От трудностей дальнего похода все люди в команде давно уже очень устали. Стычки с неприятелями, шторма и гибель товарищей угнетали. К тому же, утомительный переход через Тихий океан, который еще почти никто из европейских мореплавателей до этого не пересекал, навевал хандру. Очень трудно было постоянно находиться в напряжении на небольшом корабельном пространстве. Правда, встреч с испанцами в этих водах, вроде бы, можно было не опасаться. Но, океан таил разные другие опасности. Старые моряки в тавернах не зря поговаривали, что в этих неизведанных водах живут страшные морские чудовища. И два подобных ужасающих левиафана Френсис Дрейк наблюдал перед собой. Он увидел их, как только необычная светящаяся завеса, висящая над водой прямо по курсу, внезапно исчезла. А слишком небольшое расстояние и слабый ветер не позволяли уже сманеврировать и изменить курс, чтобы уйти.

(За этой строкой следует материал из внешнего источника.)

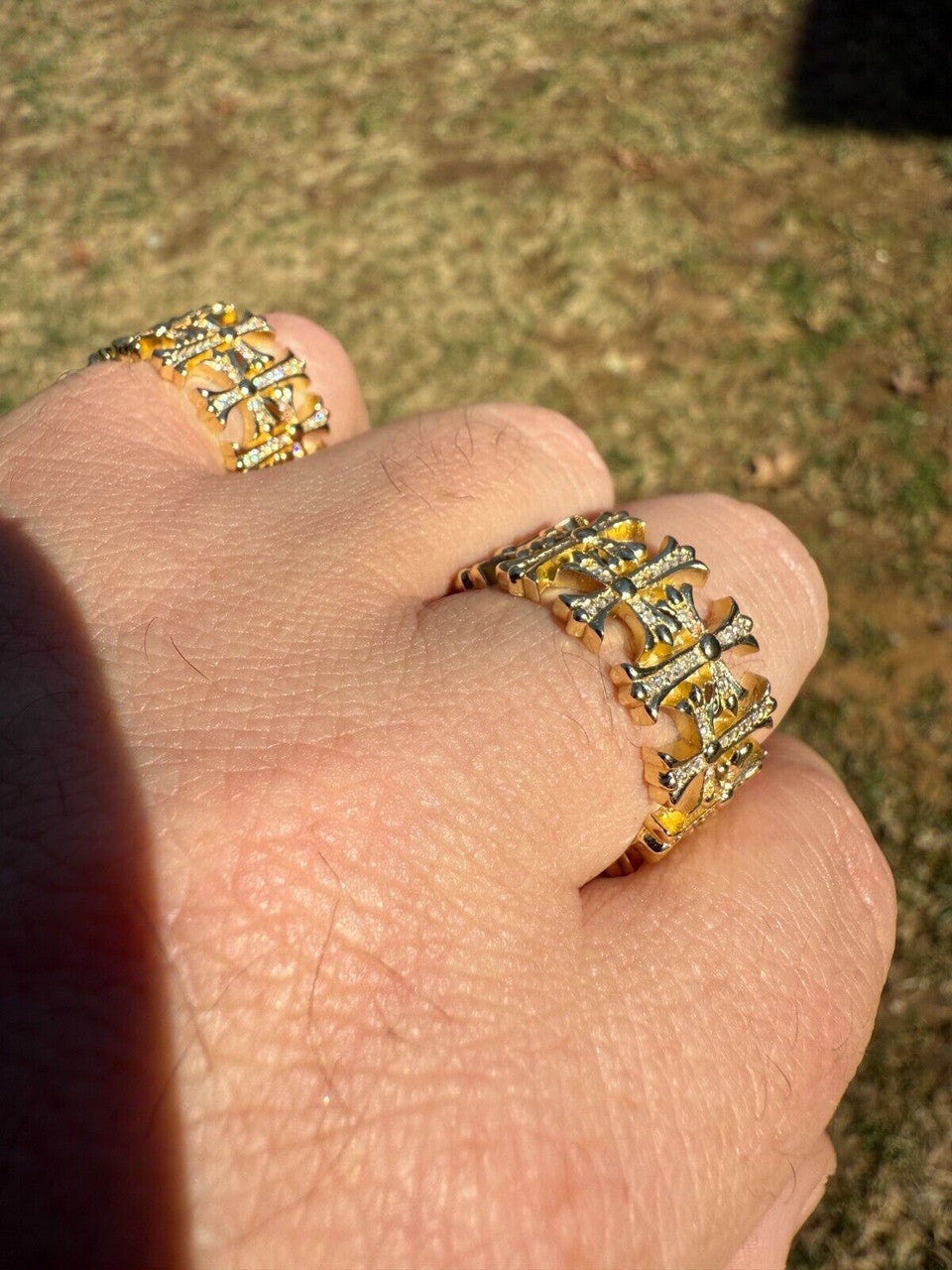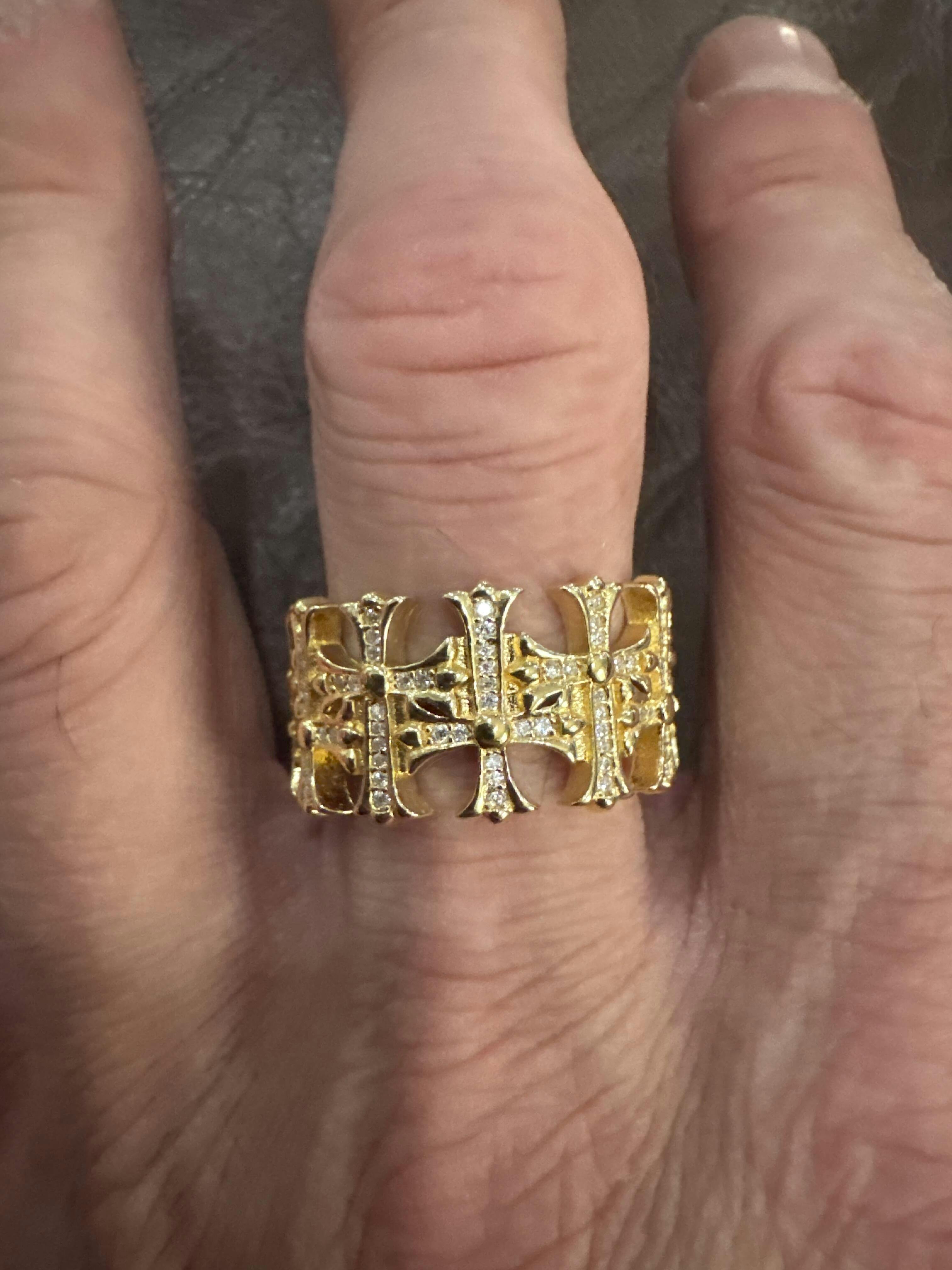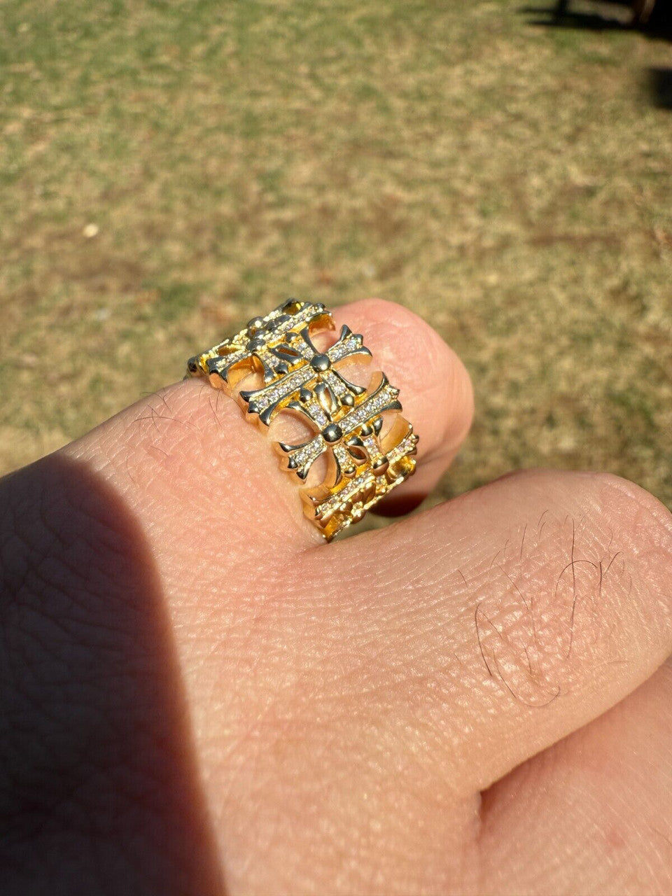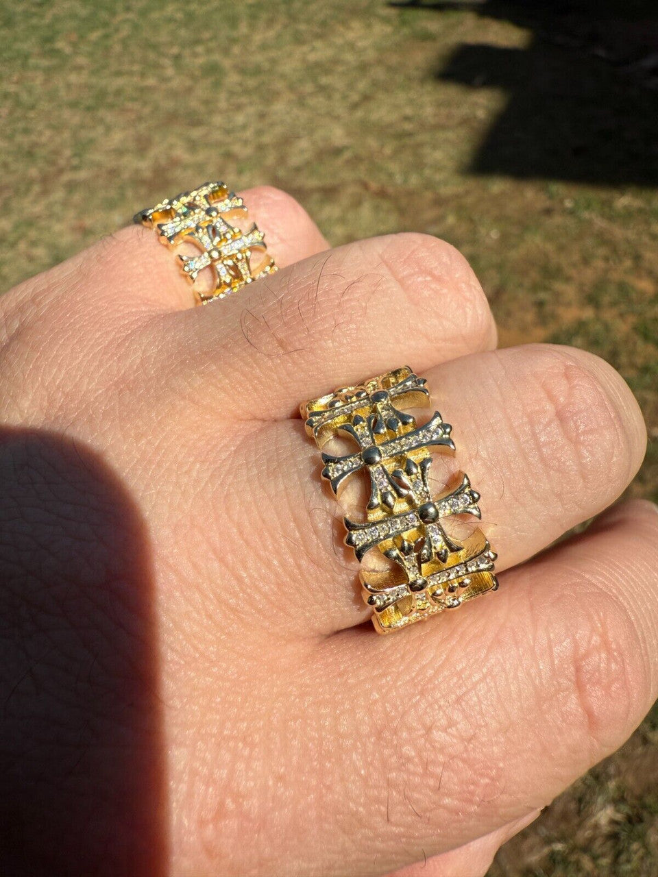 I have to first give a big thanks to Mark and the team for allowing me to return it multiple times. I was way off on the size the first time. Harlem Bling paid shipping both ways and the second one was way too big but a lot closer but this was my fault, I used some print out ring sizer. They again paid shipping both ways for a second return. I now have a size 11 and right before it came I got some plastic ring sizers you can request for free from a few jewelers and I knew the 11 would fit and it did, a 10 1/2 might fit a little more snug but there are no half sizes as it would probably make the seamless design impossible. There’s a little wiggle room but it’s not going to fall off or anything and requires a decent pull to get it over my knuckle. It looks great especially with my Harlem Bling watch! It is stamped 925 too, took me a while to find it but once you see it it’s like finding Waldo, IYKYK. Would hit harder if I had the stones on all sides tennis bracelet 😏
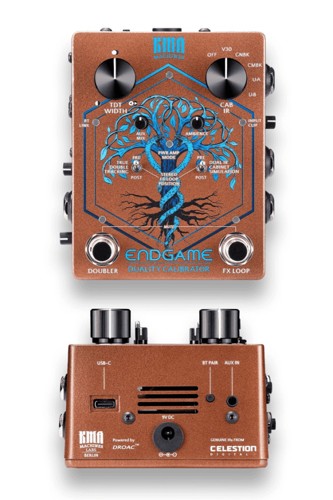 El KMA Machines Endgame Duality Calibrator incluye muchas características en este pedal estéreo, incluido un bucle de efectos estéreo integrado, el duplicador True Double-Tracker patentado por KMA, cabina DUAL IR con simulación de amplificador de potencia, una entrada auxiliar (también a través de Bluetooth), salidas XLR y amplias opciones de enrutamiento.
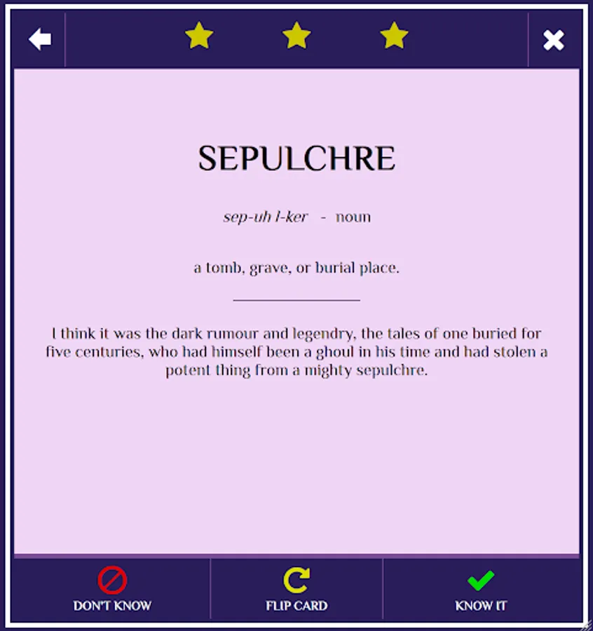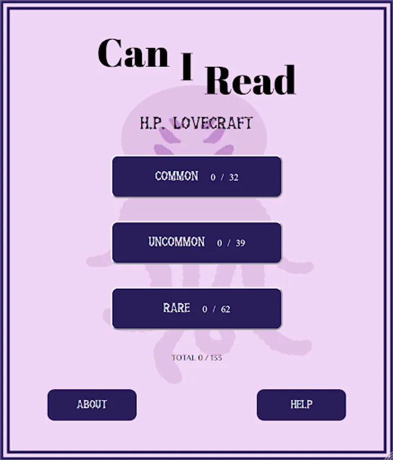 Flashcards containing vocabulary used by H.P. Lovecraft throughout his short stories and novels. While reading authors with extensive vocabularies it is common to stop in order to look up an unknown word. Some authors, such as H.P. Lovecraft, have such a large vocabulary that it is necessary to interrupt yourself so often that you lose focus and the story becomes less colorful. Using this app you will be able to master his most common but difficult words to give yourself a fluid reading experience.
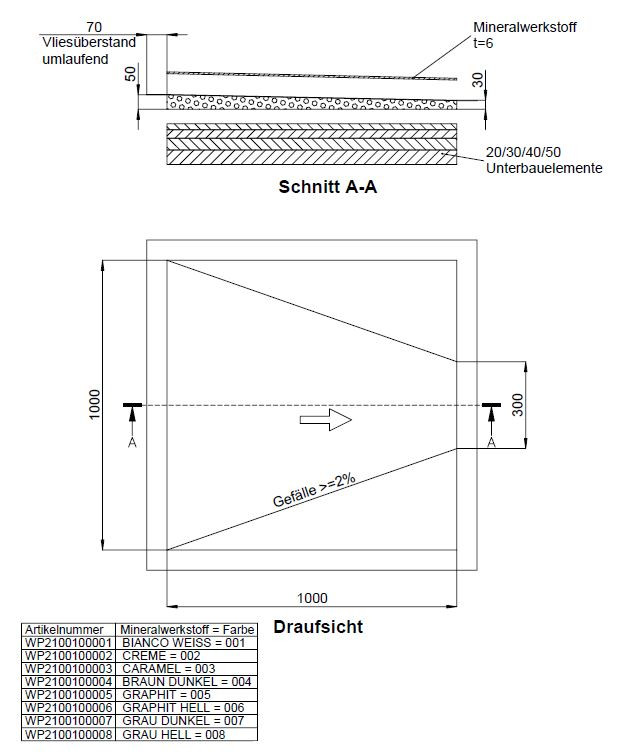 bodeneben, barrierefrei, mit Oberfläche aus Mineralwerkstoff 0,6 cm, rutschhemmend nach DIN 51097, Gruppe B, fugenlose Oberfläche zur bauseitigen Verklebung mit integriertem Gefälle von ca. 2 %, werkseitig aufgebrachte Vliesabdichtung mit Überstand 70 mm umlaufend nach DIN 18534-1, Wassereinwirkungsklasse W2-I, mit Unterbauelemente 2/3/4/5 cm, passend für GEBERIT Wandabläufe DUOFIX 111.581.00.1-DUOFIX 111.580.00.1-DUOFIX 111.589.00.1-DUOFIX 111.587.00.1, DUOFIX 111.593.00.1-DUOFIX 111.591.00.1 GIS 461.736.00.1-GIS 461.734.00.1-Sanbloc 440.736.00.1-Sanbloc 440.734.00.1, Kombifix 457.536.00.1-Kombifix 457.534.00.1

Но, чудовища пока не нападали. Одно из них, большое и белое, спокойно лежало на воде, выставив огромную высокую горбатую спину, которая вся светилась разноцветными огнями. А второе морское чудовище было серого цвета и заметно длиннее первого. И вся его спина между высокими плавниками, похожими на трубы, из которых даже выходил дымок, обросла какими-то непонятными наростами. Так, во всяком случае, подумал Дрейк, когда впервые увидел издали впереди на воде эти два непонятных плавучих предмета очень солидных размеров, гораздо больше всех известных морских животных и самых больших кораблей. Отступать ему было уже слишком поздно. И оставалось только одно: попробовать прорваться мимо морских монстров, обогнув их по дуге. Возможно, что придется даже вступить с ними в бой. И Дрейк приказал команде готовиться к сражению и заряжать пушки.
Но, чем ближе «Золотая лань» подходила, тем яснее становилось видно, что то, что поначалу капитан принял за морских чудовищ, оказалось какими-то неизвестными огромными кораблями совершенно невероятных размеров. У них явно имелись острые линии носовых оконечностей и даже короткие мачты без парусов, на которых развевались флаги неизвестных стран. Один из этих флагов, который был поднят на сияющем корабле, немного напоминал голландский торговый, только полосы сходных цветов шли сверху вниз в иной последовательности. А вот на длинном сером корабле флаг имелся и вовсе необычный: красная пятиконечная звезда и отдельно скрещенные красные молоток и серп на белом фоне. Красное — это же цвет крови. А пятиконечная звезда, пентаграмма, — это древний магический знак. Серп с молотом мог обозначать, например, гильдию жнецов и кузнецов. Вот только что общего у жнецов с кузнецами и у тех и других с магией? И Френсис Дрейк терялся в догадках, не понимая, что же подобный флаг может значить.